Der IT-Riese hat den Vorwurf, die Preise für elektronische Bücher auf diese Weise in die Höhe getrieben zu haben, jedoch zurückgewiesen. Der Start des Apple-Ladens für E-Bücher, des iBookstore, habe im Jahr 2010 "Innovation sowie Wettbewerb vorangetrieben und die monopolistische Marktmacht" des Onlinehändlers Amazon gegenüber den Verlagen gebrochen, sagte ein Apple-Sprecher. Apple habe es einfach den Verlagen überlassen, die Preise festzusetzen - wie es bei den Apps für iPhone und iPad der Fall sei.

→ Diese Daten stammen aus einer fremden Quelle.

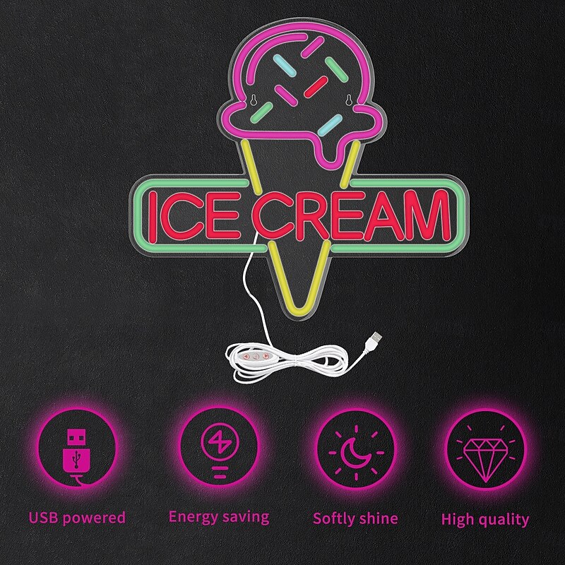 $66.99 - Ice Cream Neon Sign Light, Colorful LED Neon Light, USB-Powered with Brightness Control for Cafe, Shop, Bedroom, Restaurant Wall Decor 2025. Shop for cheap Neon LED Lights online? Buy at lightinthebox.com on sale today!
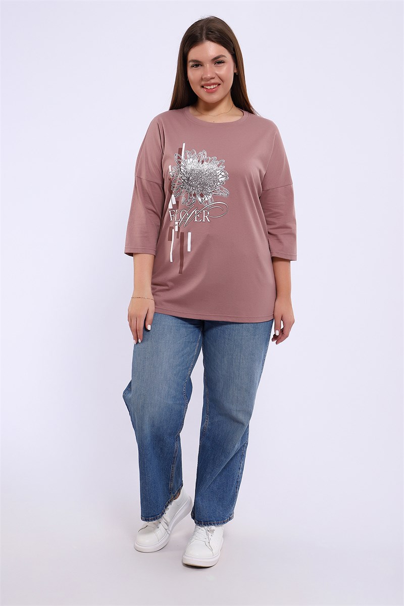 Туника из натурального хлопка прекрасный вариант для повседневного образа. Будет комфортна и как базовый вариант к классическим брючкам, так и к стилю спортшик. Принт в виде большого цветка пиона с использованием глиттера и техники объёмной печати украшает модель, придавая ей изысканный вид. Обработка деталей вкруговую с закрепкой, рукав длиной 3/4, горловина втачная из основной ткани. Большие размеры!

Absprachen sollten Amazon in Schach halten

Eine Klage hatte sich bereits angedeutet. Das US-Justizministerium durchleuchtet seit Monaten den E-Book-Markt. Anders als in Deutschland gibt es in den USA keine Buchpreisbindung. Das hatte insbesondere der Onlinehändler Amazon ausgenutzt und elektronische Bücher zu Kampfpreisen angeboten - sehr zum Missfallen der Verlage, die eine Entwertung von Büchern fürchteten und zudem Probleme hatten, ihre gedruckten Exemplare zu guten Preisen zu verkaufen.

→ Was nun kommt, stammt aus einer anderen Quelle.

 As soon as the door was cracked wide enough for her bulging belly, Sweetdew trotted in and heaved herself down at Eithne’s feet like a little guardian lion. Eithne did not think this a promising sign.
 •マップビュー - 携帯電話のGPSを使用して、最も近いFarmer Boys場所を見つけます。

Die Verlage, die jetzt dem Vergleich zugestimmt haben, sind Hachette, Harper Collins sowie Simon & Schuster (CBS). Nicht zugestimmt haben nach Angaben des Justizministeriums Penguin (Pearson) sowie das Verlagshaus Macmillian, das zur deutschen Mediengruppe Georg von Holtzbrinck gehört. Gegen die beiden Verlage und Apple würde weiterhin rechtlich vorgegangen, sagte Holder. Apple äußerte sich zunächst nicht.

Auch EU-Kommission ermittelt gegen IT-Riesen

Auch die EU-Kommission ermittelt seit Dezember offiziell gegen eine Gruppe aus Verlagen und Apple, ebenfalls wegen des Verdachts auf Kartellbildung. Nach Angaben der Kommission machen Apple, Simon & Schuster, Harper Collins, Hachette Livre und die Verlagsgruppe Georg von Holtzbrinck Vorschläge für einen frühen Abschluss des Verfahrens.

Absprachen zum Schaden von Verbrauchern sind in der EU ebenso wie in den USA streng verboten. In den Vereinigten Staaten hatten Kunden zudem eine der gefürchteten Sammelklagen eingereicht.